* EXERCISE:
The answer consists solely of the lines running from the one with "Abstract: Side impacts" through the final line below, transcribed exactly and without any pictures.

* DATASET EXCERPT:

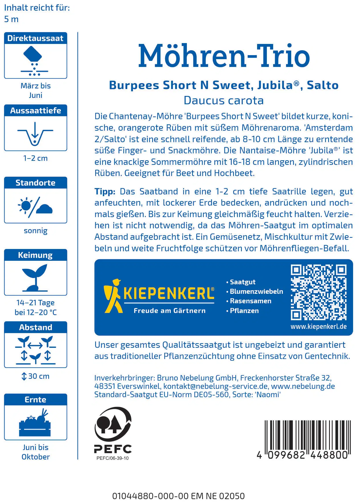 Kiepenkerl Trio Marchewek Short `N`Sweet, Salto, Jubila® - nasiona na taśmie
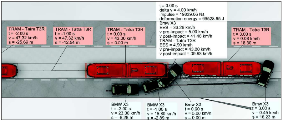 Abstract: Side impacts belong to the most dangerous types of collisions. This type of collision is typical for accidents of vehicles at crossroads (intersections). In cases where the public city transport includes tramways, there is also a risk of collision between vehicles and tramways. Considering the stiffness of construction and mass of a tramway, depending also on the number of travelling passengers, even collision at relatively low crash speeds into side part of passenger vehicle may result in severe injuries of passengers. Ten accidents of tramways with personal vehicles according to the speed of collision, damage on vehicles and the effects to injuries of the vehicle´s crew have been analysed in this paper. The crash speed is analysed according to damage on the vehicle and verified with the support of the simulation programme calculation. The cause of the accident in connection to mutual visibility aspects at the crash scene has also been analysed. All the analysed accidents occurred in city Brno, Czech Republic and were documented as part of CzIDAS project (Czech In-Depth Accident Study based on GIDAS database) by Traffic Research Centre institution. Cases have been analysed in cooperation between Brno University of Technology and Traffic Research Centre, Czech Republic.
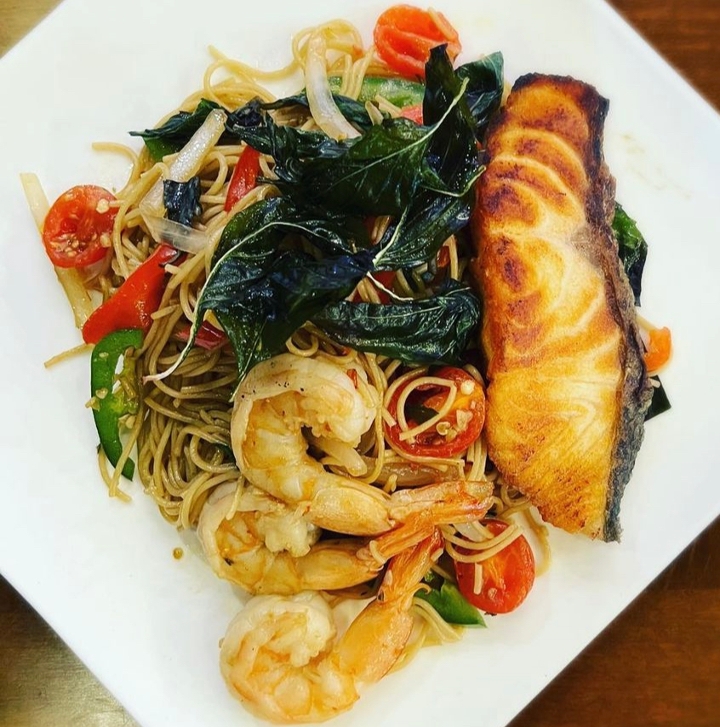 Stir-fried angel hair / grilled salmon / shrimp / onion / tomato / red bell pepper / basil / chili garlic sauce

* ANSWER SECTION:
 Abstract: Side impacts belong to the most dangerous types of collisions. This type of collision is typical for accidents of vehicles at crossroads (intersections). In cases where the public city transport includes tramways, there is also a risk of collision between vehicles and tramways. Considering the stiffness of construction and mass of a tramway, depending also on the number of travelling passengers, even collision at relatively low crash speeds into side part of passenger vehicle may result in severe injuries of passengers. Ten accidents of tramways with personal vehicles according to the speed of collision, damage on vehicles and the effects to injuries of the vehicle´s crew have been analysed in this paper. The crash speed is analysed according to damage on the vehicle and verified with the support of the simulation programme calculation. The cause of the accident in connection to mutual visibility aspects at the crash scene has also been analysed. All the analysed accidents occurred in city Brno, Czech Republic and were documented as part of CzIDAS project (Czech In-Depth Accident Study based on GIDAS database) by Traffic Research Centre institution. Cases have been analysed in cooperation between Brno University of Technology and Traffic Research Centre, Czech Republic.
 Stir-fried angel hair / grilled salmon / shrimp / onion / tomato / red bell pepper / basil / chili garlic sauce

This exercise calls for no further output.